An Experience With Eels Told Me Everything There Is To Know About France
“Eels!”
“What?”
“Ze lake. It’s known for ze eels!”
Now, I’m not a graduate in the French language or anything – back in school, I was asked whether I would be so kind as to drop GCSE French altogether and save the average pass percentage – but what I did understand was human emotion.
French, Spanish, Amharic; if someone pointed at me with wide, frightened eyes and muttered a syllable even close to “eel”, I knew it was time to get out of the water.
I was fast. Once again, I wasn’t known for my athleticism back in the day, but my old bones were able to get back into gear as soon as they sensed danger.
The woman in question, a forty-year-old native to Luberon who wore flowery sandals and a long, navy dress, quickly changed her tone. In fact, as soon as I was out of the lake everyone found the incident remarkably funny. I had to join them – if only to save face. But suffice it to say, I didn’t get back into the lake again.
A Sorry Underestimation Of France
It was at this moment, as I dried off in the sun and watched the surface of the lake for any more ripples, that I realised I had underestimated France. My family and I had booked one of the big houses to rent in the south of France several months ago. We live in the south of England, near Kent, and I assumed that France was much the same as our native lands. A bit hotter, maybe. Better cooking. But more or less the same.
How wrong I was. Of course, we have eels in England too, but these ones were big. Or they were said to be big by the locals. Some of them with long teeth and red eyes, as though they had jumped straight out of the Amazon and into Luberon.
What I’m saying is: they were something exotic. Something so outside of what I am used to. If I chose to go for a swim in a lake in England, the most terrifying thing I would expect to come across was some frogspawn. Maybe a newt. Not so in France.
But this, in many ways, sealed what I so loved about the country. In the two weeks that my family and I were there, it really felt like we were abroad. Do you know what I mean? Sometimes you go abroad, and you find more similarities with home than differences. But this was a world entirely different to our own. It was a different kind of scenery. A different kind of wildlife. A different kind of beauty.
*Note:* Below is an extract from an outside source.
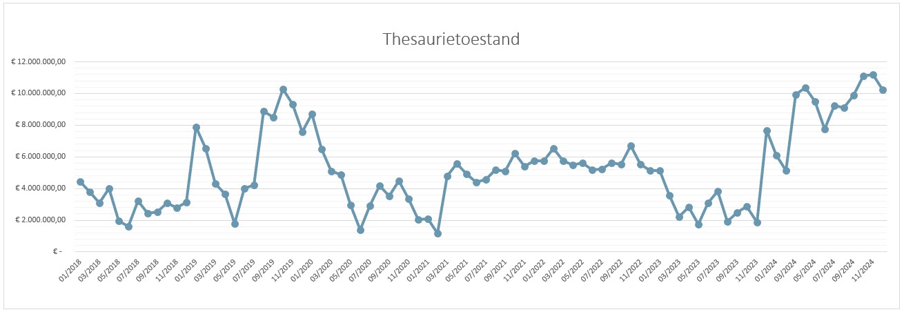 De rente op lange termijn blijft historisch laag. Maandelijks wordt de liquiditeitspositie van ons lokaal bestuur opgevolgd, om in te schatten op welk moment het aangewezen is om bijkomende leningen aan te gaan, die nodig zijn om het investeringsprogramma van het lokaal bestuur te financieren.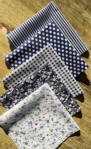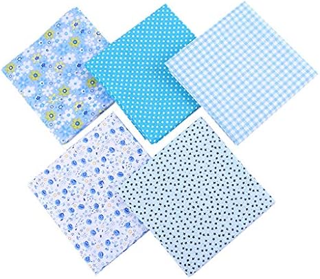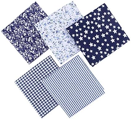 Lot de 5 tissus en coton 50 x 50 cm pour patchwork DIY - Tissu en coton - Pour couture faite à la main - Pour vêtements de bricolage, taies d'oreiller, linge de lit, rideaux, nappes - Bleu foncé

The Beauty Of Provence Retreat
We should have known as much when we first stepped through the door of our villa. We wanted a large house to rent in order to accommodate our big family, and we found it in The Provence Retreat. This was an 18th-century farmhouse in the shadows of the Luberon mountains.
The world around us was simply… I was going to say “picturesque”, but that doesn’t quite do it justice. A picture can be anything. This was “paintingesque”.
In fact, it looked as if we had stepped into a masterpiece created by the one and only Monet. The pool glistened in the sun – a turquoise carpet rippling with green reflections from the nearby pines. The gardens – all 8,500 square metres – were beautifully landscaped, with a number of gorgeous patterns that were carved as if with a brush.
The first place I went to was the nearby vineyard. I took in the scents of glorious fruit and fresh grass. I gazed upon the mountains. I spotted a nearby hoopoe spreading its wings. Its call sounded new, fluorescent, different.
I should have known then that France was going to be a completely unique and wonderful experience. But I’m British. It takes us a little while longer to understand the quaint beauty of things. Of course, I knew the house was good, the gardens, the pool, the landscape. But beauty can so often be best found in the things that surprise us. The new experiences. The realisation that life can offer something brand new around every corner.
Southern France, Distant Galaxy
Another one of these experiences came in the food. Ah, of course, how could I have gone a whole seven hundred words and not yet mentioned the food? Well, it was plentiful. We opted to get the additional services of a chef and catering.
Once again, as a Brit, you’re resigned to thinking that the hubbub about French food is really just that. Hubbub. There’s nothing tangible to it. Their baguettes might smell like heaven, but if our bread is good enough for the King, it’s good enough for anyone.
Well, the King needs to visit Luberon. Honestly, the food – in this part of the country, at least – was stunning. I felt that I couldn't have flown just an hour and a half from London. I must have been in another world, another galaxy, far, far away.
On the last day, we went to a nearby restaurant. I had a bottle of wine from the vineyard. I sat gazing at the mountains as the sun began to set, causing cracks in the rock to glow with light. I took a glance at the menu and spotted ‘bouilleture d’anguilles’. With a non-existent French GCSE – and a feeling of giddiness derided from the pure ecstasy of our holiday – I went for it without really knowing what it was.
I must say, in terms of being in a completely different, unique, beautiful place, the interpretation of a typical British cuisine threatened to throw me. Thankfully, however, the eels weren’t in jelly. And the feeling of revenge was rather delightful.
I continued to sit in a state of bliss, and I’m sure I will be sitting in the same spot next year. Wouldn’t anyone, if a galaxy so far, far away was just a few hundred miles from their doorstep?